◆ **Exercise**
Print only the lines below from the one with "- Combine cooked" to the one with "May your day", both included, exactly as they stand. Leave pictures out.

◆ **Records shown**
######

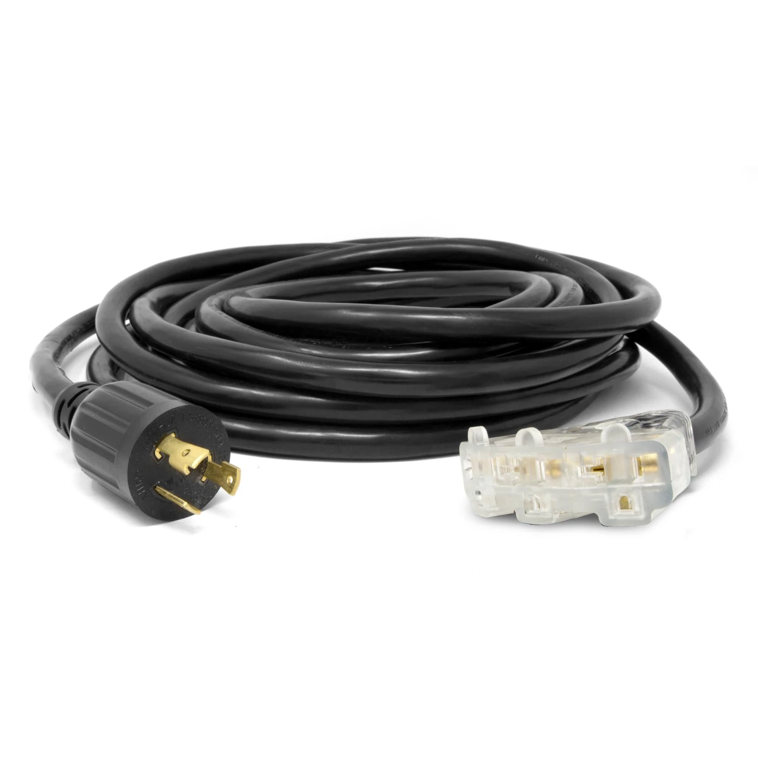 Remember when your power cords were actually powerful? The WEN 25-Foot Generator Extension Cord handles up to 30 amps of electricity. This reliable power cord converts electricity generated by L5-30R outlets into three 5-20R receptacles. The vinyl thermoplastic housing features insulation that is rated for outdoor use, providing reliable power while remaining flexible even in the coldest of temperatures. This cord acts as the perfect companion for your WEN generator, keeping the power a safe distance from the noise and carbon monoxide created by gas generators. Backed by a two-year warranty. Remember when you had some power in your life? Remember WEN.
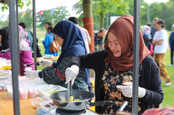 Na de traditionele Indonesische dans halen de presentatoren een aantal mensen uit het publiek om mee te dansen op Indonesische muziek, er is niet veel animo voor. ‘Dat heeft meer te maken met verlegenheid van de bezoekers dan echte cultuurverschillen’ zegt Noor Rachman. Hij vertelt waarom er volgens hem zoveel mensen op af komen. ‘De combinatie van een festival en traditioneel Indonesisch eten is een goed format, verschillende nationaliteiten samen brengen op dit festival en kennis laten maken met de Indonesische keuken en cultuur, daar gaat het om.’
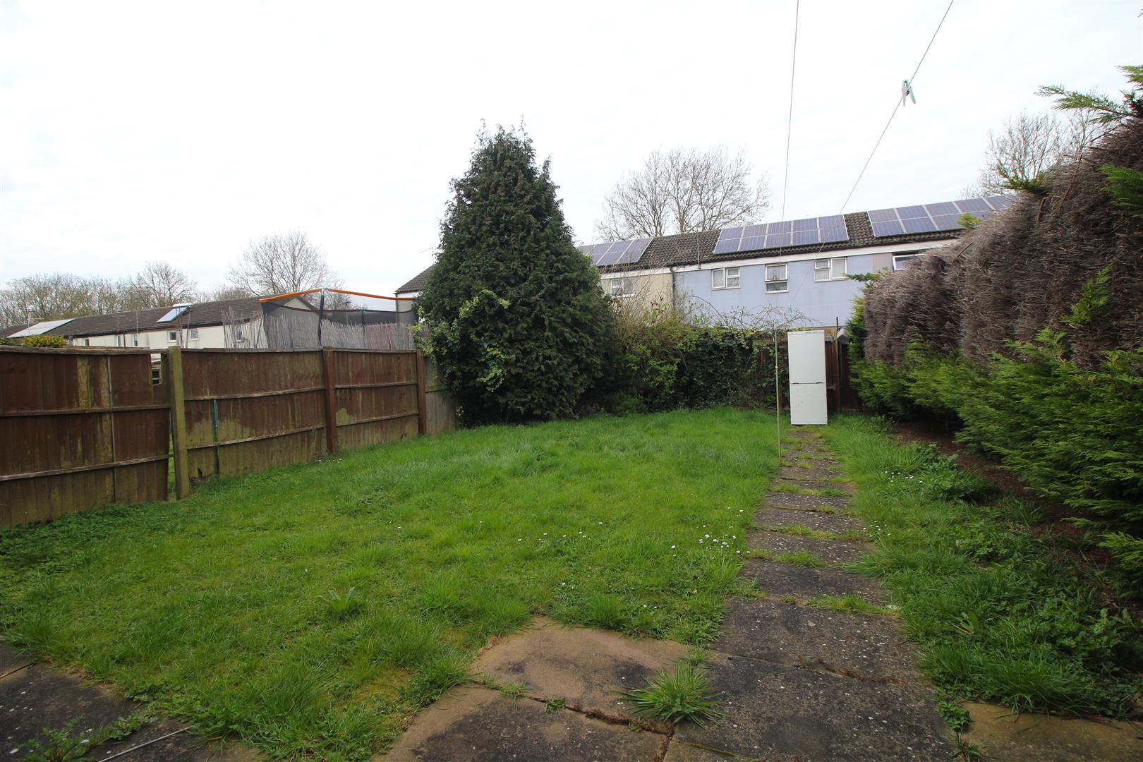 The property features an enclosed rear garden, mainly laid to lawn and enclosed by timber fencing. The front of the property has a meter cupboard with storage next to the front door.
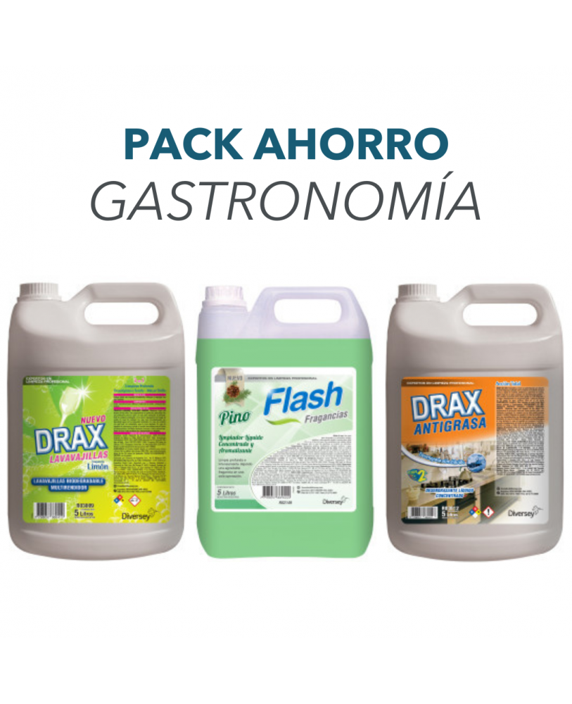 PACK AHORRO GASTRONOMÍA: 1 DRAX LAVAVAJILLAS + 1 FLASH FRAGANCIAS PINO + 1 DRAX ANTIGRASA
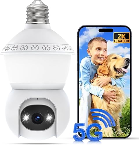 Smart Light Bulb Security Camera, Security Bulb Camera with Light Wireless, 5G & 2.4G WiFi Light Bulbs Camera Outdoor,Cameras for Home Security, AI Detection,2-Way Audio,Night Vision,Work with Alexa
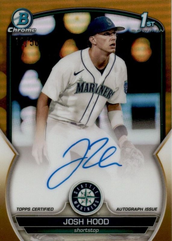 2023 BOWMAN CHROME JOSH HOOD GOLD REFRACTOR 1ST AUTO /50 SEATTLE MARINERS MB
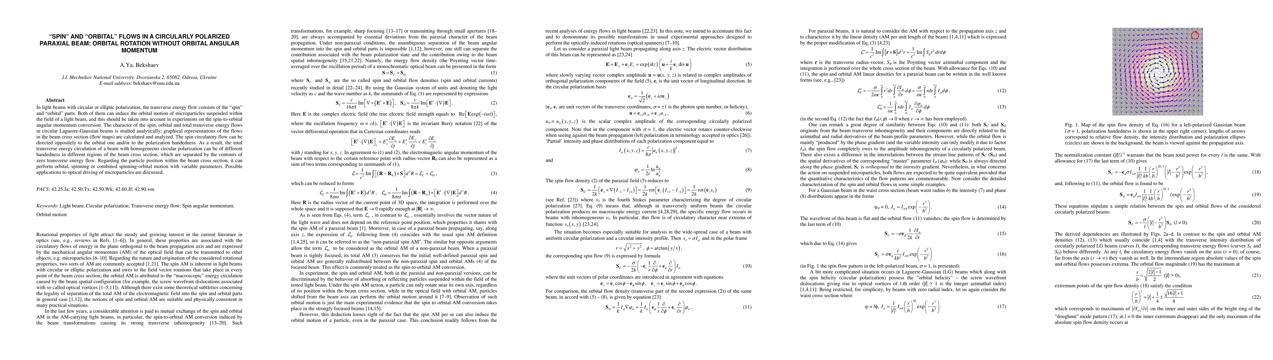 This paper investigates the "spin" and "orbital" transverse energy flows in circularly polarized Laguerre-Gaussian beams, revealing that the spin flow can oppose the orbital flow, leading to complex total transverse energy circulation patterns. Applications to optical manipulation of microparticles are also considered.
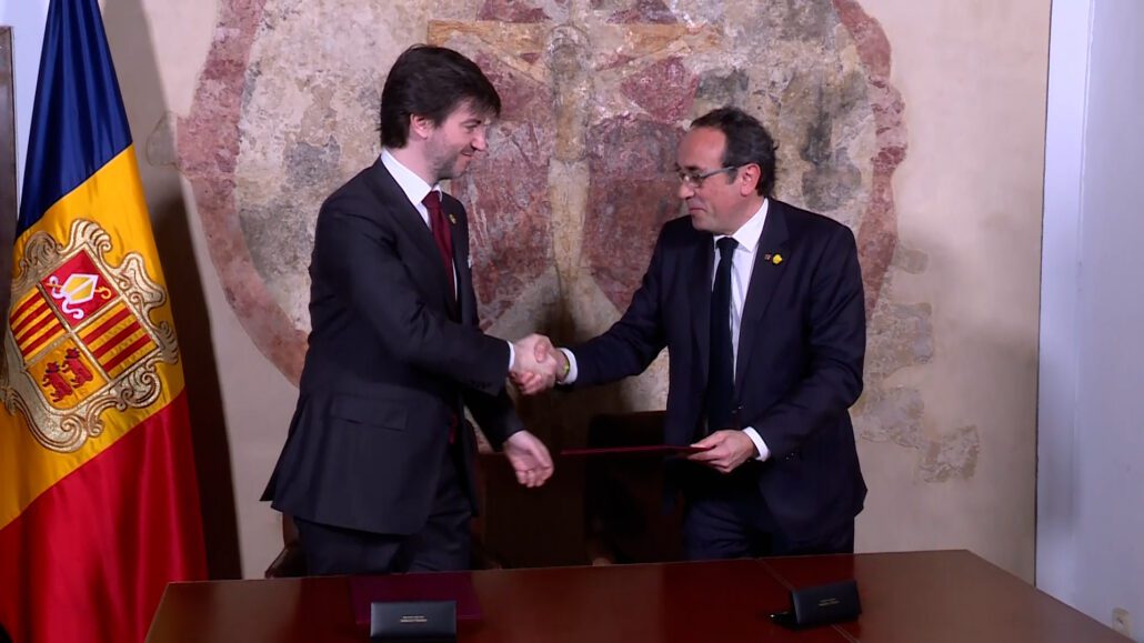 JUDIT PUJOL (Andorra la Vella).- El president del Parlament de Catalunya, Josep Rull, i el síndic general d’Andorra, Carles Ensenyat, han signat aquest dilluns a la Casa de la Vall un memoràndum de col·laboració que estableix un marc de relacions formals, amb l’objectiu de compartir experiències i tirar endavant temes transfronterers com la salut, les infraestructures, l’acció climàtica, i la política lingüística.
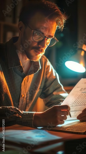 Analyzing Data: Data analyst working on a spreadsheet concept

######

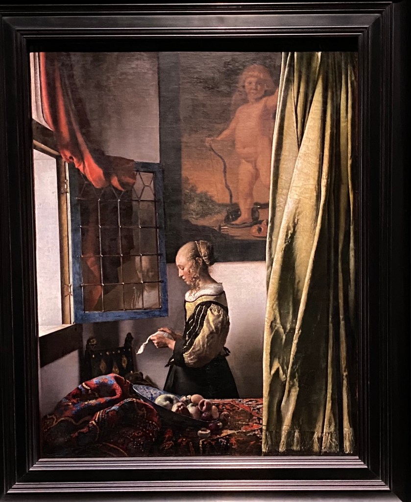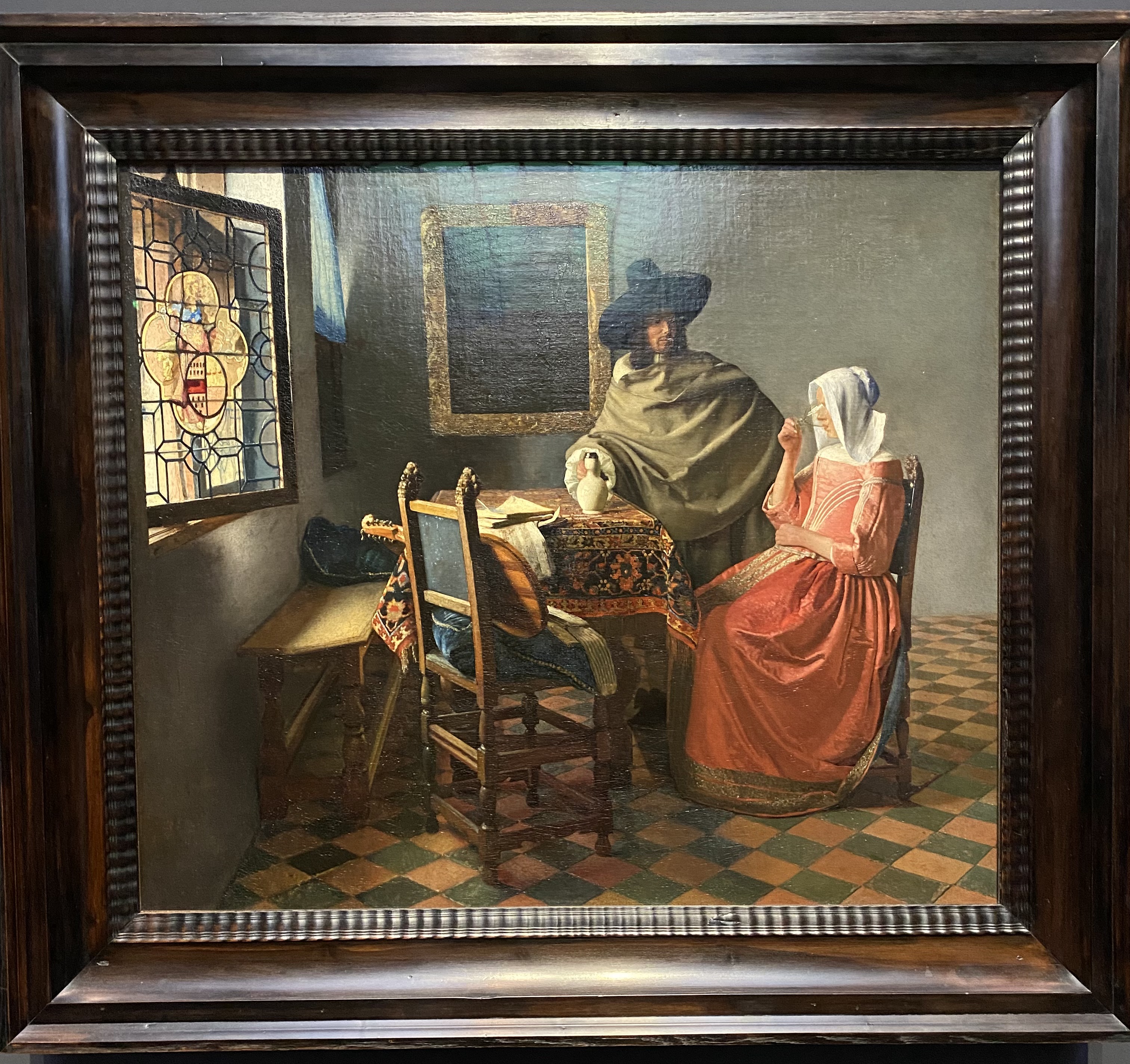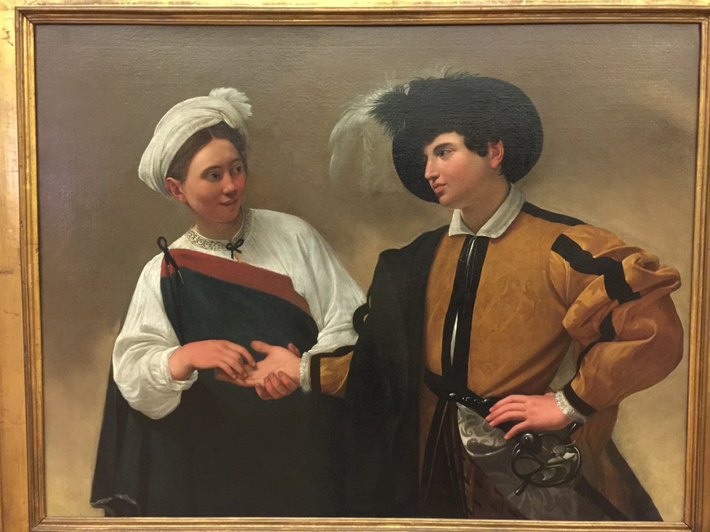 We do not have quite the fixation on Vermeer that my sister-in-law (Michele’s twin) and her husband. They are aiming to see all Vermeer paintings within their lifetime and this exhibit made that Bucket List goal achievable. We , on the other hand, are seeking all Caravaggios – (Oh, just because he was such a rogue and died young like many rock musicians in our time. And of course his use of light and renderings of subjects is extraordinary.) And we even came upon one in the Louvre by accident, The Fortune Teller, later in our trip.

######

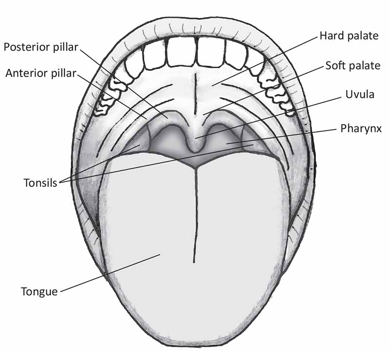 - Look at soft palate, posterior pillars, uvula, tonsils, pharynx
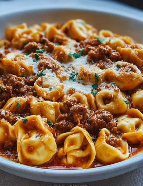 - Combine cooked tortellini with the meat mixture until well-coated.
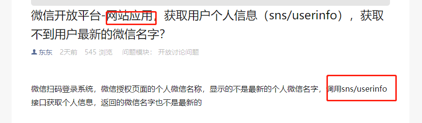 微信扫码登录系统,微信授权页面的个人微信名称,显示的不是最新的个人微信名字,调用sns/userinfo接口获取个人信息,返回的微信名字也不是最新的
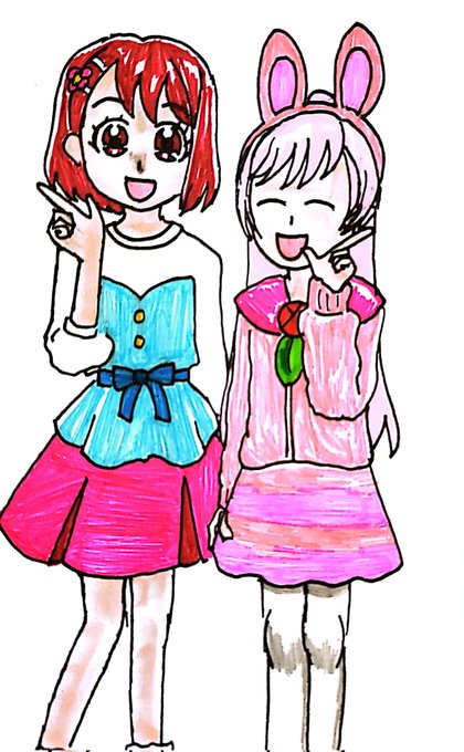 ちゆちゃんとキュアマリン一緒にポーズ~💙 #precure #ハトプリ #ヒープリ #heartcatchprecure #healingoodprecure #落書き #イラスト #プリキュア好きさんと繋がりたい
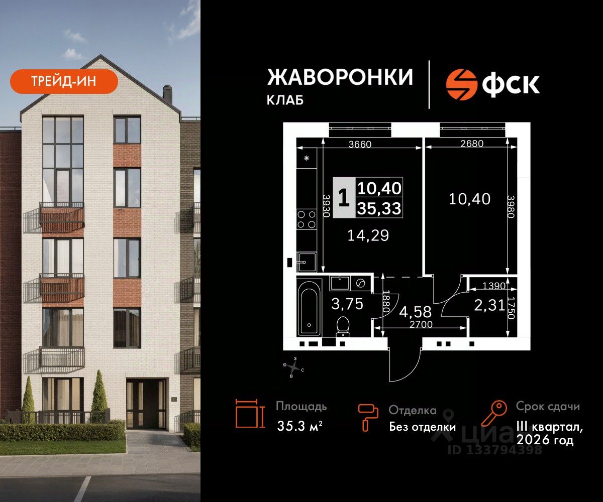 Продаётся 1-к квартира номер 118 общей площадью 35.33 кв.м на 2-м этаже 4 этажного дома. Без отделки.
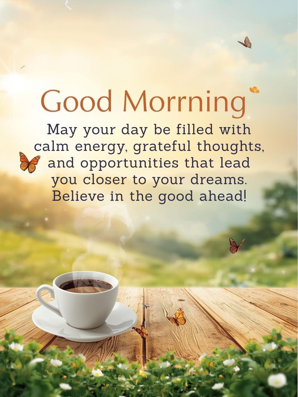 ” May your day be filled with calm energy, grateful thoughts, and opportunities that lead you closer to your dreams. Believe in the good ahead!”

######

◆ **Reply**
 - Combine cooked tortellini with the meat mixture until well-coated.
 微信扫码登录系统,微信授权页面的个人微信名称,显示的不是最新的个人微信名字,调用sns/userinfo接口获取个人信息,返回的微信名字也不是最新的
 ちゆちゃんとキュアマリン一緒にポーズ~💙 #precure #ハトプリ #ヒープリ #heartcatchprecure #healingoodprecure #落書き #イラスト #プリキュア好きさんと繋がりたい
 Продаётся 1-к квартира номер 118 общей площадью 35.33 кв.м на 2-м этаже 4 этажного дома. Без отделки.
 ” May your day be filled with calm energy, grateful thoughts, and opportunities that lead you closer to your dreams. Believe in the good ahead!”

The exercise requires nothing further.